I don’t know why this would happen, as b is returned as a parameter in all of these implementations:

class ShiftLayer(nn.Module):
    def __init__(self, b):
        super().__init__()
        self.b = nn.Parameter(torch.tensor(b))
        
    def forward(self, x):
        return x + self.b
    
shift = ShiftLayer(1.)
print(list(shift.parameters()))
print(dict(shift.named_parameters()))

model = nn.Sequential(
    nn.Linear(1, 1),
    ShiftLayer(2.)
)
print(list(model.parameters()))
print(dict(model.named_parameters()))



class Generator(nn.Module):
    def __init__(self, b_val):
        super(Generator, self).__init__()
        self.main = nn.Sequential(
            # input is Z, going into a convolution
            nn.ConvTranspose2d( nz, ngf * 8, 4, 1, 0, bias=False),
            nn.BatchNorm2d(ngf * 8),
            nn.ReLU(True),
            # state size. (ngf*8) x 4 x 4
            nn.ConvTranspose2d(ngf * 8, ngf * 4, 4, 2, 1, bias=False),
            nn.BatchNorm2d(ngf * 4),
            nn.ReLU(True),
            # state size. (ngf*4) x 8 x 8
            nn.ConvTranspose2d( ngf * 4, ngf * 2, 4, 2, 1, bias=False),
            nn.BatchNorm2d(ngf * 2),
            nn.ReLU(True),
            # state size. (ngf*2) x 16 x 16
            nn.ConvTranspose2d( ngf * 2, ngf, 4, 2, 1, bias=False),
            nn.BatchNorm2d(ngf),
            ShiftLayer(b_val),
            nn.ReLU(True),
            # state size. (ngf) x 32 x 32
            nn.ConvTranspose2d( ngf, nc, 4, 2, 1, bias=False),
            nn.Tanh()
            # state size. (nc) x 64 x 64
        )
    
    def forward(self, input):
        return self.main(input)

nz = 100
ngf = 64
nc = 3
gen = Generator(10.)

for name, param in gen.named_parameters():
    if 'b' in name and 'bias' not in name:
        print(name, param)
> main.11.b Parameter containing:
  tensor(10., requires_grad=True)

avalon1511 · September 15, 2021, 8:12pm

That’s what I am thinking.

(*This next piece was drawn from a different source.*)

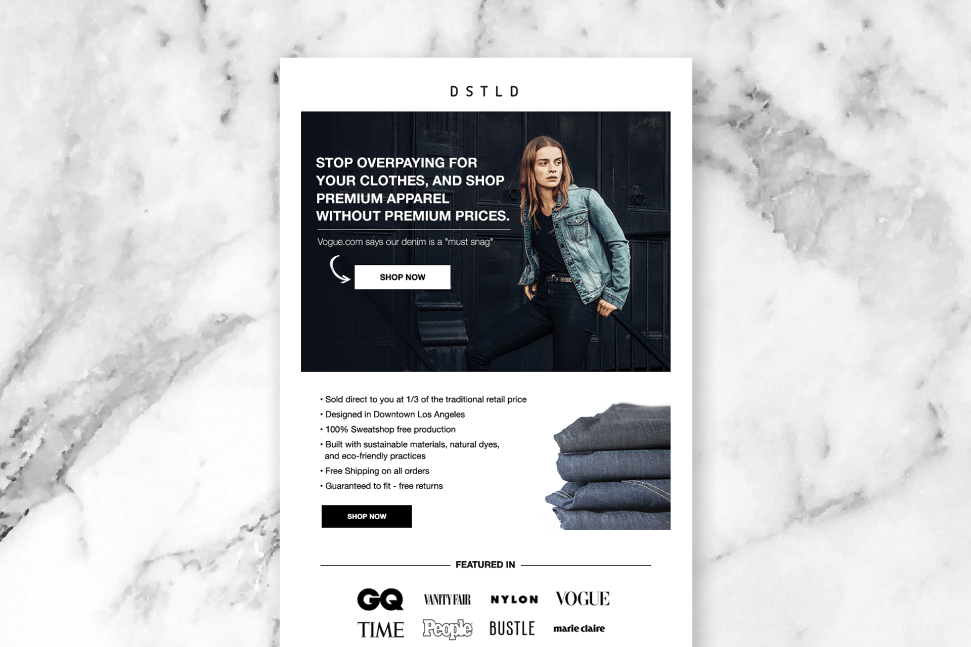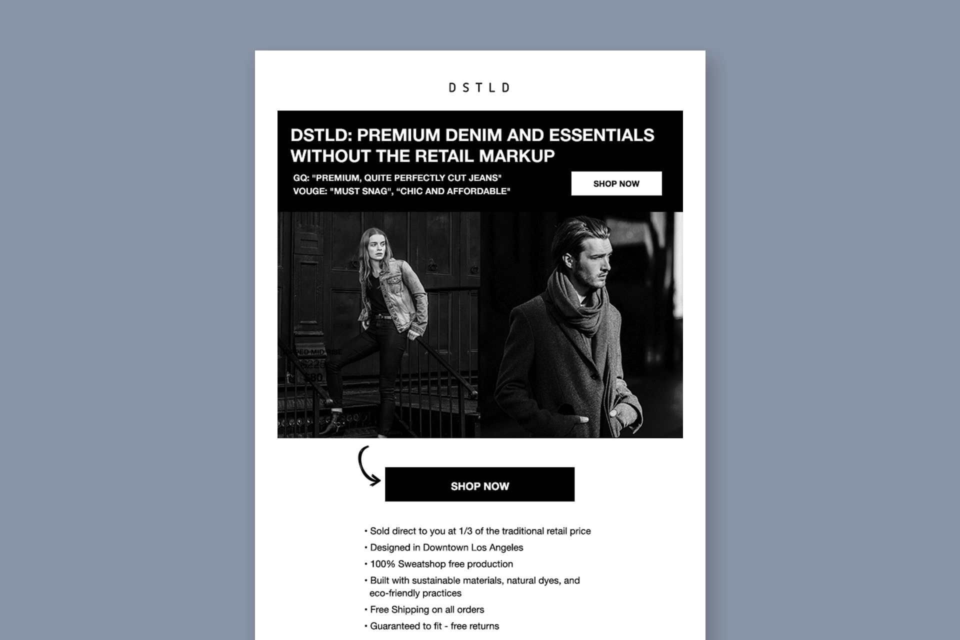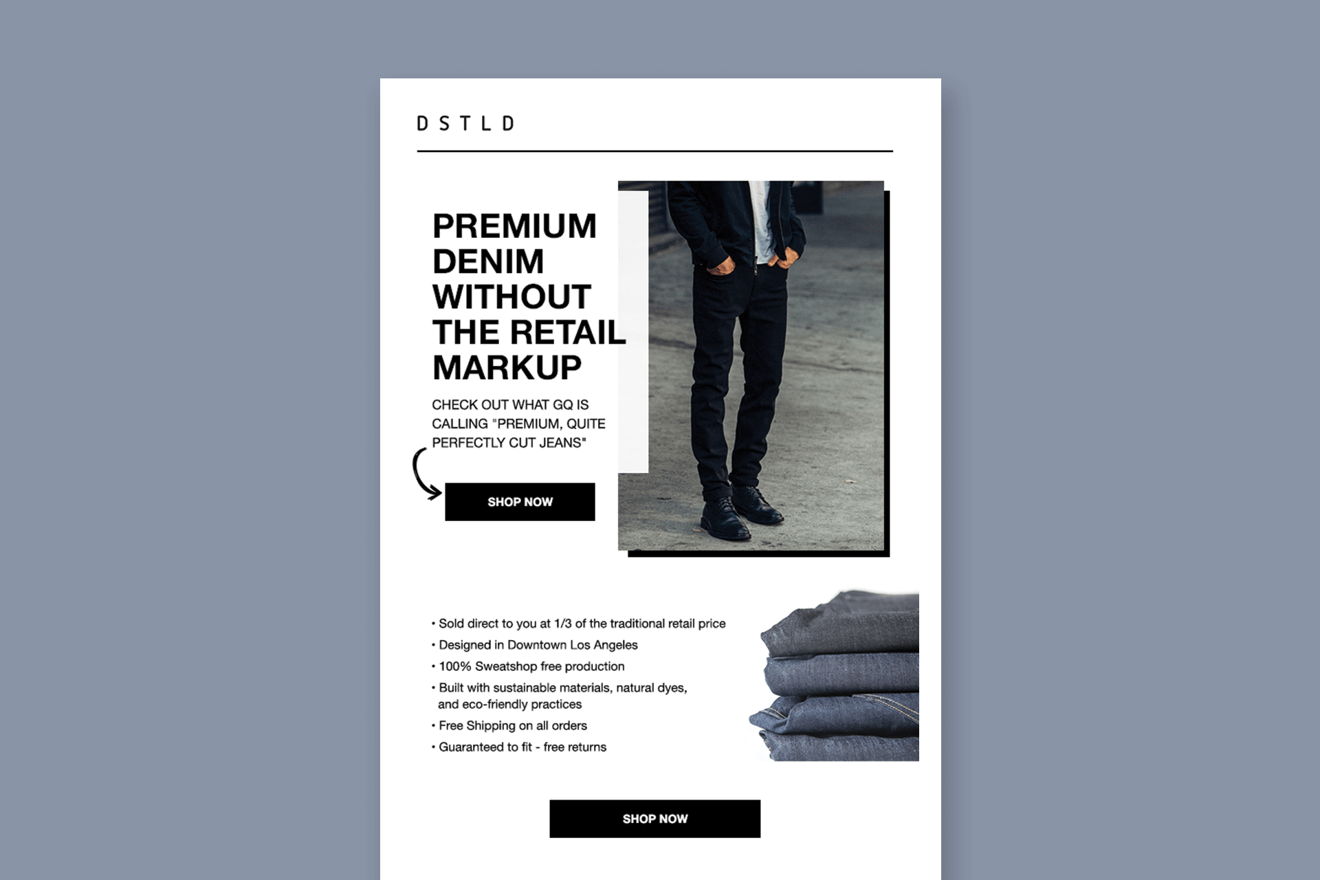 DSTLD has embarked on an innovative journey to reshape the fashion landscape, placing a strong emphasis on eco-friendly materials and sustainable production partners. In this exciting endeavor, I’ve been given the unique opportunity to lead the creative direction for crafting compelling promotional emails that will not only market their premium denim but also tell the story of their commitment to sustainability, style, and quality.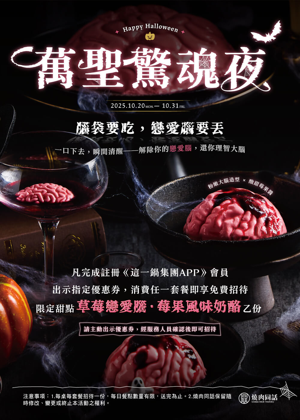 今年萬聖節,不只搞怪還要搞「腦」!燒肉同話端出話題新作——萬聖節限定甜點〈草莓戀愛腦〉,粉嫩腦袋造型搭配酸甜莓果醬,外型療癒又有趣,一口咬下奶酪滑順中透著莓果清香,不只讓戀愛腦瞬間清醒,更是萬聖節最上鏡的拍照打卡點心!

I am going to double check my code again, maybe I left something there by mistake like last time

avalon1511 · September 15, 2021, 9:22pm

Hey @gphilip , seems like I’ve fixed my issues. This is my final solution:

shift_layer = generator.main[11]
optimizer_b = optim.SGD(shift_layer.parameters(), lr = ...)

and in the training loop I just call optimizer_b.step() for every epoch.

So far this seems to be working! Thanks to you both for your help. Appreciate it!